START Data extract

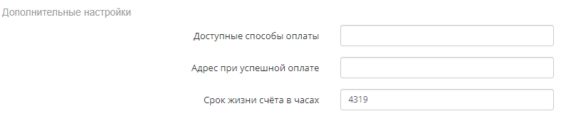 Срок жизни счета в часах: задает время за которое счет можно оплатить; по истечению этого срока счет автоматически отменяется и не доступен для оплаты.
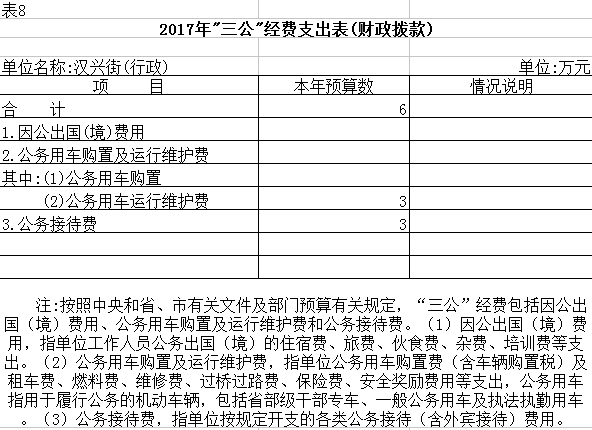 欧亚国际(中国)官方网站 人民政府汉兴街办事处因公出国(境)费、公务接待费、公务用车购置及运行维护费开支单位包括机关1个单位,其中:行政单位1个。
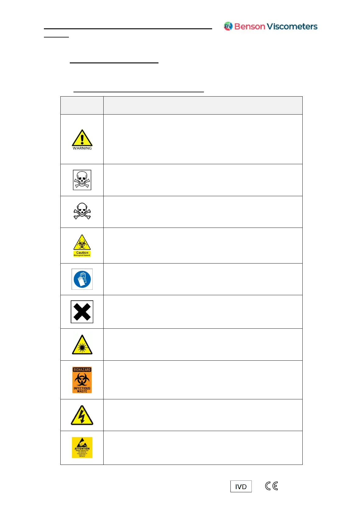 The following are recommendations for safe operating of the BV200 Viscometer. They should be

END Data extract

◆ **The task**:
Set down all of the material word for word, minus its pictures.

◆ **Task response**:
 Срок жизни счета в часах: задает время за которое счет можно оплатить; по истечению этого срока счет автоматически отменяется и не доступен для оплаты.
 欧亚国际(中国)官方网站 人民政府汉兴街办事处因公出国(境)费、公务接待费、公务用车购置及运行维护费开支单位包括机关1个单位,其中:行政单位1个。
 The following are recommendations for safe operating of the BV200 Viscometer. They should be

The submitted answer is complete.